Data for review:

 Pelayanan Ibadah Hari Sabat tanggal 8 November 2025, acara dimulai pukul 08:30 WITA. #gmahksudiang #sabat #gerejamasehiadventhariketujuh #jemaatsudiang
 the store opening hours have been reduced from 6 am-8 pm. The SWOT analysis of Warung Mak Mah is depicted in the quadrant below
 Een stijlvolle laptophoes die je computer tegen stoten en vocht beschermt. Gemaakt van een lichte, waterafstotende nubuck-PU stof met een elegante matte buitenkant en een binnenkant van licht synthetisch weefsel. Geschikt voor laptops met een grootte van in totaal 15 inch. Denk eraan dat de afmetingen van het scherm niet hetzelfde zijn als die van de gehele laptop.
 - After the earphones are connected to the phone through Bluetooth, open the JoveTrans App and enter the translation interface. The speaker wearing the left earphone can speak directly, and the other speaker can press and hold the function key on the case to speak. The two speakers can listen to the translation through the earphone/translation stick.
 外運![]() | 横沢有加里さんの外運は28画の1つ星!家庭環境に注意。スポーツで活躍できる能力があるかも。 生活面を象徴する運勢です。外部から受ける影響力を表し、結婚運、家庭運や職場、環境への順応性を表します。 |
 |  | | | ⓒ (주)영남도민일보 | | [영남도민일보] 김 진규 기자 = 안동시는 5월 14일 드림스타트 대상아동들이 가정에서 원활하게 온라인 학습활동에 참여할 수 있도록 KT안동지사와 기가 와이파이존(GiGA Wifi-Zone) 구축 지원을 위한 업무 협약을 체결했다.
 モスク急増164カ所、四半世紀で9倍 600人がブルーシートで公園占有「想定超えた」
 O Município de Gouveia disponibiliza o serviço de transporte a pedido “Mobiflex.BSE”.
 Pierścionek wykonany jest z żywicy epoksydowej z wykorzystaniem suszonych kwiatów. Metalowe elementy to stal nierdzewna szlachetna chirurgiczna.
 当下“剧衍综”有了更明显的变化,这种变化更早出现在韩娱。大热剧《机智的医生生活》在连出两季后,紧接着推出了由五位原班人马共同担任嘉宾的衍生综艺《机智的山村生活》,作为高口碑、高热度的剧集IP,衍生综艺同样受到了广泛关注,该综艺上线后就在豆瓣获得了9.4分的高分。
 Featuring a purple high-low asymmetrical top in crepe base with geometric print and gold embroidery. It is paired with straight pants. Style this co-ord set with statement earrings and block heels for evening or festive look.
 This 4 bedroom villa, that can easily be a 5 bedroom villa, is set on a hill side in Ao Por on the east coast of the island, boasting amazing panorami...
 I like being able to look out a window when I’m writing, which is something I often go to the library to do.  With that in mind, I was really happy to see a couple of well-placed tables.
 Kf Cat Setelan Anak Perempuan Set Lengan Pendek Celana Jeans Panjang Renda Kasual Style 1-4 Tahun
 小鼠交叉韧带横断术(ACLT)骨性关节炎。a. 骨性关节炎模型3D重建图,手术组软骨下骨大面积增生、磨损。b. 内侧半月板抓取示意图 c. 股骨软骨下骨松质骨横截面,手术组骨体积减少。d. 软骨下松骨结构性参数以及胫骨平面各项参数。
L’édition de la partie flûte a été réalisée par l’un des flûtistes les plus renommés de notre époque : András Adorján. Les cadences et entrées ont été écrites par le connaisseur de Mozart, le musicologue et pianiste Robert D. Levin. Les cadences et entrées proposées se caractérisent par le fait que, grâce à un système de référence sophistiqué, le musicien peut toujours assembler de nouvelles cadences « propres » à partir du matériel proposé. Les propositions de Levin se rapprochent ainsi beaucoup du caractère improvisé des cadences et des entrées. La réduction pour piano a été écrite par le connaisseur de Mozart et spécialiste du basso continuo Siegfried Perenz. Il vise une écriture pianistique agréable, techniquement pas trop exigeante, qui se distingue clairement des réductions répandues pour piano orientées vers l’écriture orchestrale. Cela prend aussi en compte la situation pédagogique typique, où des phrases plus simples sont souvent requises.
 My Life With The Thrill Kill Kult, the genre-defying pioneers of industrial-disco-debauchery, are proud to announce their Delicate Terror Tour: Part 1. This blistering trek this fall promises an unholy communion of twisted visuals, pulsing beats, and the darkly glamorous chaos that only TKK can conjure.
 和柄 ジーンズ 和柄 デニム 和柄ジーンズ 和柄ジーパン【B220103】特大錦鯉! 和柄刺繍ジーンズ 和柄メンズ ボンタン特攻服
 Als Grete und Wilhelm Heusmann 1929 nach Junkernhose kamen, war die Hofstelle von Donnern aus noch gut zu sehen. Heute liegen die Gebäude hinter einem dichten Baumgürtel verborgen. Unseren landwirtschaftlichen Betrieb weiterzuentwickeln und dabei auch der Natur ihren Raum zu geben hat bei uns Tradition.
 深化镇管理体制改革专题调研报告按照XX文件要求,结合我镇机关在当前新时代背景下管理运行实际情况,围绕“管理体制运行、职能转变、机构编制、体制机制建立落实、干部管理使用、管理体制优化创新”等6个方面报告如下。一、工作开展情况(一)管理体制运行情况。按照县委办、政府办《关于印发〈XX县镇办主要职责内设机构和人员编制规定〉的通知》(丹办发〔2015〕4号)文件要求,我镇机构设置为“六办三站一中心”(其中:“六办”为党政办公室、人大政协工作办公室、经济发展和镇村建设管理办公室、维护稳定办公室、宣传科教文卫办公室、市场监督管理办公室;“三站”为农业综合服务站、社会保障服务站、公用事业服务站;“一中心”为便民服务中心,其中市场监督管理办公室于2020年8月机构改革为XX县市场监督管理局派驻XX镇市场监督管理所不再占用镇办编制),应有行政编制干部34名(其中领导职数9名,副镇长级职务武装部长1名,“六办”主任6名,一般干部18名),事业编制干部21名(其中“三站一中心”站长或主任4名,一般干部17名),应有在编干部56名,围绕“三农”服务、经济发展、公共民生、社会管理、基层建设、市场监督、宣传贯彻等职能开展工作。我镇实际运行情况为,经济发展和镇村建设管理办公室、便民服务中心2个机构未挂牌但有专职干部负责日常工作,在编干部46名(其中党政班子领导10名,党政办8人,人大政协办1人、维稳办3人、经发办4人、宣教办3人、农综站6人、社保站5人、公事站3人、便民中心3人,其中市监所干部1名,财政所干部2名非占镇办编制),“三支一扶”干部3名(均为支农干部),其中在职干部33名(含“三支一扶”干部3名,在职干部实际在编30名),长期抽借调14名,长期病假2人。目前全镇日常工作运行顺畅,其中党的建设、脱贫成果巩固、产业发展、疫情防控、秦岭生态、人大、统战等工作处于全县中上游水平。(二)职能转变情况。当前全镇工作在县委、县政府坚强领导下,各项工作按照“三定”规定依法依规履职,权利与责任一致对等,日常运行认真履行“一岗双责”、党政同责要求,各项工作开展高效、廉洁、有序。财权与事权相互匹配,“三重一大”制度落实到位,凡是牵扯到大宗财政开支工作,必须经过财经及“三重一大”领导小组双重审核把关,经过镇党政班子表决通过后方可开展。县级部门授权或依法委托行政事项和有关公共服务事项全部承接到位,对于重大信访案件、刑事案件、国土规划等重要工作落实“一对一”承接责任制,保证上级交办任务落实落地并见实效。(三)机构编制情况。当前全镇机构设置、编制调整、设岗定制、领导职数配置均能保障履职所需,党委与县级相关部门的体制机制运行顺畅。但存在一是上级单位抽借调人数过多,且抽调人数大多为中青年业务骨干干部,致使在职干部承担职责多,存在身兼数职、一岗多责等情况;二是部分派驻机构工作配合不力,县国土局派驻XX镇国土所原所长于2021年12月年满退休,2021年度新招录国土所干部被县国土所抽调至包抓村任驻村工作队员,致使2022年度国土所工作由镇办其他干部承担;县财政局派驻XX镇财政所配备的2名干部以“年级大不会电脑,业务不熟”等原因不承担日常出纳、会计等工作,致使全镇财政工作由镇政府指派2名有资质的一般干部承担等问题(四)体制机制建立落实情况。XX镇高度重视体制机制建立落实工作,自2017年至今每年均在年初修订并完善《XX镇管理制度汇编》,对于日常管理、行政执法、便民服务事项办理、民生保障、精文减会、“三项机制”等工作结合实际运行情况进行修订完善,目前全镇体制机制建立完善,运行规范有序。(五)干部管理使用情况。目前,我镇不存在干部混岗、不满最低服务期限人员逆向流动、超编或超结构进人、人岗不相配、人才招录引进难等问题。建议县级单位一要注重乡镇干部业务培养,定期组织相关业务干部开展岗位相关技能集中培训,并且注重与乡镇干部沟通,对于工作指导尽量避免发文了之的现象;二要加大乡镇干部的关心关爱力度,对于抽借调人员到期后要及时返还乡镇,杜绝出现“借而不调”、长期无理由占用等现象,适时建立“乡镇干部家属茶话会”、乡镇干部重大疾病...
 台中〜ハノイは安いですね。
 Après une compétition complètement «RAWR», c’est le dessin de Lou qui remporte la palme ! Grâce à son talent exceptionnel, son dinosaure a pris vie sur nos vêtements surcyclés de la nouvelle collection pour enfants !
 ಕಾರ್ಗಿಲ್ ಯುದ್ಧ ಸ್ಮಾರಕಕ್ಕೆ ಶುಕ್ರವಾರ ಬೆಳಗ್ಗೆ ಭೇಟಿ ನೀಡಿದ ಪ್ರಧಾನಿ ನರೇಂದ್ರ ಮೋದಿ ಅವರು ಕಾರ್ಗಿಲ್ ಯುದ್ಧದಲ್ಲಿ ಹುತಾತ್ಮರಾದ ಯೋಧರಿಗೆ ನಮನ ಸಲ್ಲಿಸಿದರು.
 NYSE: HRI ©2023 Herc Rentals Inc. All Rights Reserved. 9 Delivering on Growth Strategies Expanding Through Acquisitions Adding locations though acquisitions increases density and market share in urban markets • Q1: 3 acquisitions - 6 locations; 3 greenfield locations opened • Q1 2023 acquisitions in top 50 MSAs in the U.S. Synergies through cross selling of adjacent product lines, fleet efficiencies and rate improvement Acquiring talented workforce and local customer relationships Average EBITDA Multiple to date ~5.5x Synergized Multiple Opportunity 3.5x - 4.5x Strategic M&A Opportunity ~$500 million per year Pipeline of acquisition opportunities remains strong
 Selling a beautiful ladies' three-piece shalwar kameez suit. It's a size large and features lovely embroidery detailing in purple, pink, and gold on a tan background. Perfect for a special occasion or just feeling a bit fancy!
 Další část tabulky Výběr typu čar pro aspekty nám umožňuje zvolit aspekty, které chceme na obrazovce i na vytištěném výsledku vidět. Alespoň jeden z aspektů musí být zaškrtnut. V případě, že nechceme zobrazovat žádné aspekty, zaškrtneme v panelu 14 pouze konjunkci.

Work required: Print only these lines, please. They run from the start of the entries above to the line containing "the store opening", both ends included, and must match exactly.

Output:
 Pelayanan Ibadah Hari Sabat tanggal 8 November 2025, acara dimulai pukul 08:30 WITA. #gmahksudiang #sabat #gerejamasehiadventhariketujuh #jemaatsudiang
 the store opening hours have been reduced from 6 am-8 pm. The SWOT analysis of Warung Mak Mah is depicted in the quadrant below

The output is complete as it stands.